### ACTIVITY
Apart from the pictures, every line below is to be set down exactly.

### DATASET EXTRACT
----------------------------------------

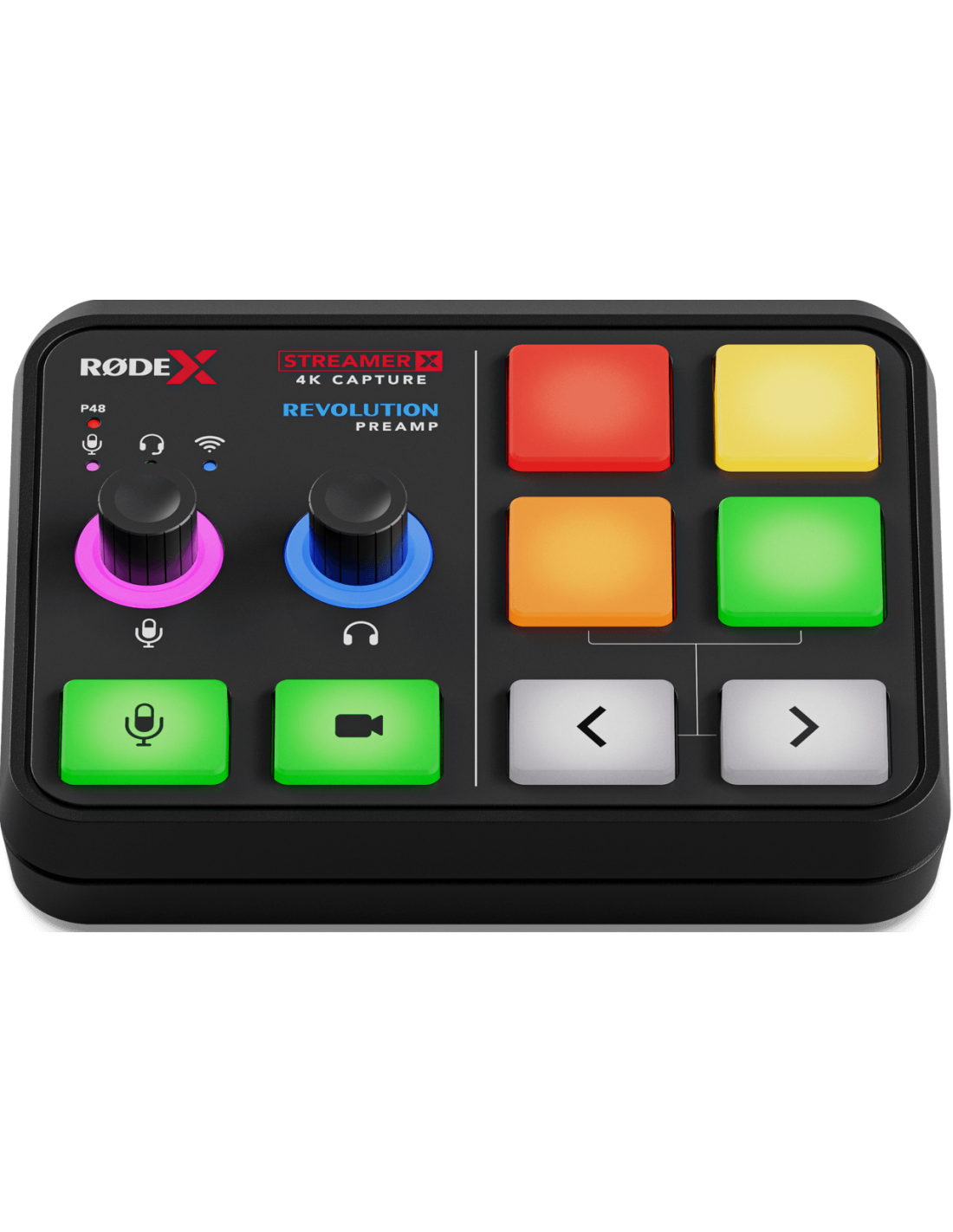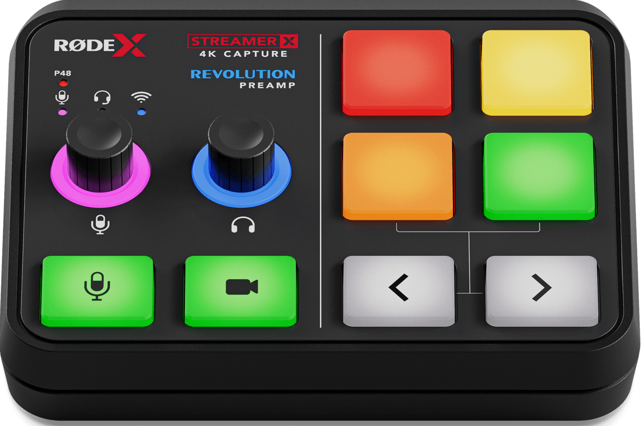 Die Streamer X ist eine Videoaufnahmekarte, Audio-Schnittstelle und Steueroberfläche von Rode. Sie verfügt über Eingänge für Mikrofone und XLR-Instrumente, Kopfhörer und drahtlose RØDE-Mikrofone, einen geräuscharmen und hochverstärkenden Revolution Preamp, 4 SMART-Pads, doppelte USB-C-Anschlüsse und HDMI-Anschlüsse, die Streaming bis zu 4K30/2K60 und Durchleitung 2K120/4K60 bieten.
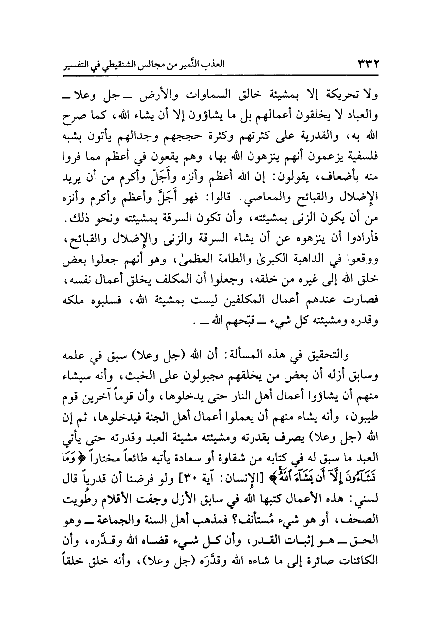 والتحقيق في هذه المسألة: أن الله (جل وعلا) سبق في علمه وسابق أزله أن بعض من يخلقهم مجبولون على الخبث، وأنه سيشاء منهم أن يشاءوا أعمال أهل النار حتى يدخلوها، وأن قومًا آخرين قوم طيبون، وأنه يشاء منهم أن يعملوا أعمال أهل الجنة فيدخلوها، ثم إن الله (جل وعلا) يصرف بقدرته ومشيئته مشيئة العبد وقدرته حتى يأتي العبد ما سبق له في كتابه من شقاوة أو سعادة يأتيه طائعًا مختارًا {وَمَا تَشَاءُونَ إِلَاّ أَن يَشَاءَ اللَّهُ} [الإنسان: آية ٣٠] فلو فرضنا أن قدريًّا قال لسنّي: هذه الأعمال كتبها الله في سابق الأزل وجفت الأقلام وطُويت الصحف، أو هو شيء مُستأنف؟ فمذهب أهل السنة والجماعة -وهو الحق- هو إثبات القدر، وأن كل شيء قضاه الله وقدَّره، وأن الكائنات صائرة إلى ما شاءه الله وقدَّرَه (جل وعلا)، وأنه خلق خلقًا
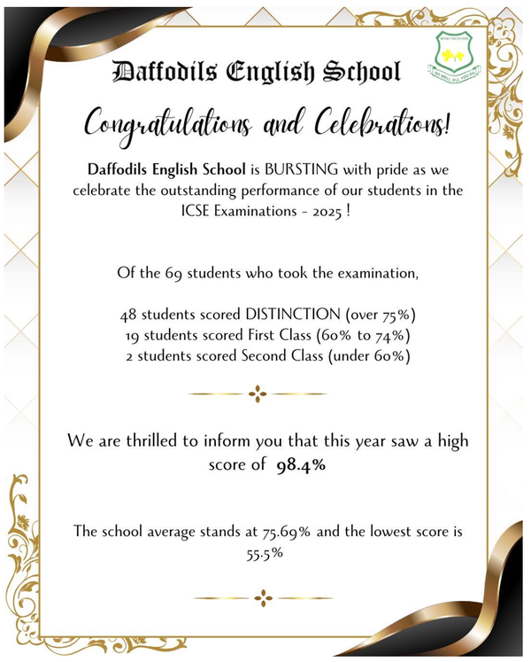 Students are appreciated and awarded for 100% attendance, academic proficiency and general proficiency by the school for all grades from 1 to 10.

----------------------------------------

### OUTPUT OF THE EXERCISE
 Die Streamer X ist eine Videoaufnahmekarte, Audio-Schnittstelle und Steueroberfläche von Rode. Sie verfügt über Eingänge für Mikrofone und XLR-Instrumente, Kopfhörer und drahtlose RØDE-Mikrofone, einen geräuscharmen und hochverstärkenden Revolution Preamp, 4 SMART-Pads, doppelte USB-C-Anschlüsse und HDMI-Anschlüsse, die Streaming bis zu 4K30/2K60 und Durchleitung 2K120/4K60 bieten.
 والتحقيق في هذه المسألة: أن الله (جل وعلا) سبق في علمه وسابق أزله أن بعض من يخلقهم مجبولون على الخبث، وأنه سيشاء منهم أن يشاءوا أعمال أهل النار حتى يدخلوها، وأن قومًا آخرين قوم طيبون، وأنه يشاء منهم أن يعملوا أعمال أهل الجنة فيدخلوها، ثم إن الله (جل وعلا) يصرف بقدرته ومشيئته مشيئة العبد وقدرته حتى يأتي العبد ما سبق له في كتابه من شقاوة أو سعادة يأتيه طائعًا مختارًا {وَمَا تَشَاءُونَ إِلَاّ أَن يَشَاءَ اللَّهُ} [الإنسان: آية ٣٠] فلو فرضنا أن قدريًّا قال لسنّي: هذه الأعمال كتبها الله في سابق الأزل وجفت الأقلام وطُويت الصحف، أو هو شيء مُستأنف؟ فمذهب أهل السنة والجماعة -وهو الحق- هو إثبات القدر، وأن كل شيء قضاه الله وقدَّره، وأن الكائنات صائرة إلى ما شاءه الله وقدَّرَه (جل وعلا)، وأنه خلق خلقًا
 Students are appreciated and awarded for 100% attendance, academic proficiency and general proficiency by the school for all grades from 1 to 10.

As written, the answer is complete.